Vida Mundial, n.º 1873
7 de Agosto de 1975
Já aqui nestas colunas tenho tentado caracterizar certos tipos e situações que se vão cristalizando à roda do Poder. Como é óbvio, tais plantas daninhas abundam com frequência e maior perigosidade precisamente nos pontos sombrios desse mesmo Poder; é geralmente um conluio mais ou menos surdo, contra-revolucionário e rasteiro.
Tentei definir os videirinhos, os ex-disfarçados, os tartarins, os revolucionários do 26 de Abril. Ainda não mostrei como nestes meios infesta o anonimato e a delação.

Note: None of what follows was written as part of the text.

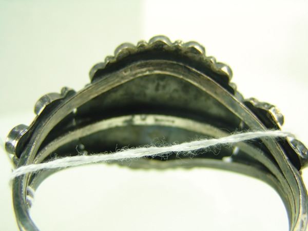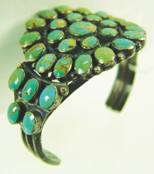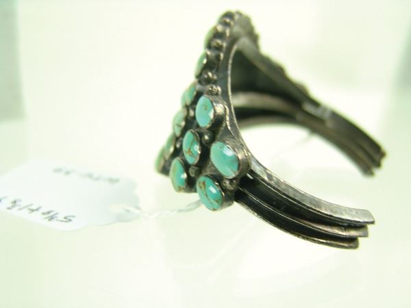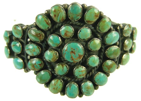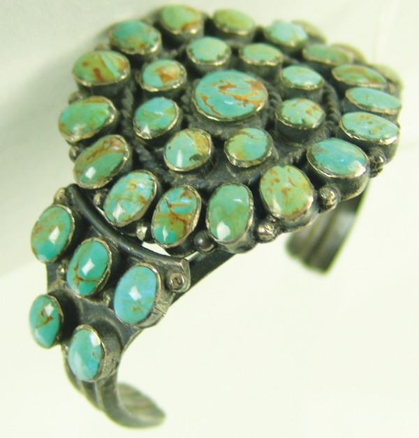 Unique, cluster design, all silver bracelet with 35, individually hand cut and set, Cerrillos turquoise stones. Very good condition.Ca. 1980s5-3/8" + 1-3/8" x 1-3/4"

É quase certo, quando chega ao grande público a notícia de que uma sociedade bem conhecida e democrática protesta e se afasta de uma comissão ministerial para não se comprometer com métodos indignos; ou um grupo de cineastas bem conhecidos toma idêntica atitude, é absolutamente certo que no dia seguinte aparece nos jornais uma nota de apoio à dita comissão em nome de um grupo de... um grupo total ou parcialmente anónimo. O anonimato fomenta-se das mais diversas maneiras. Por exemplo, o anonimato crítico. E, se for preciso, o anonimato defende-se com as melhores razões revolucionárias...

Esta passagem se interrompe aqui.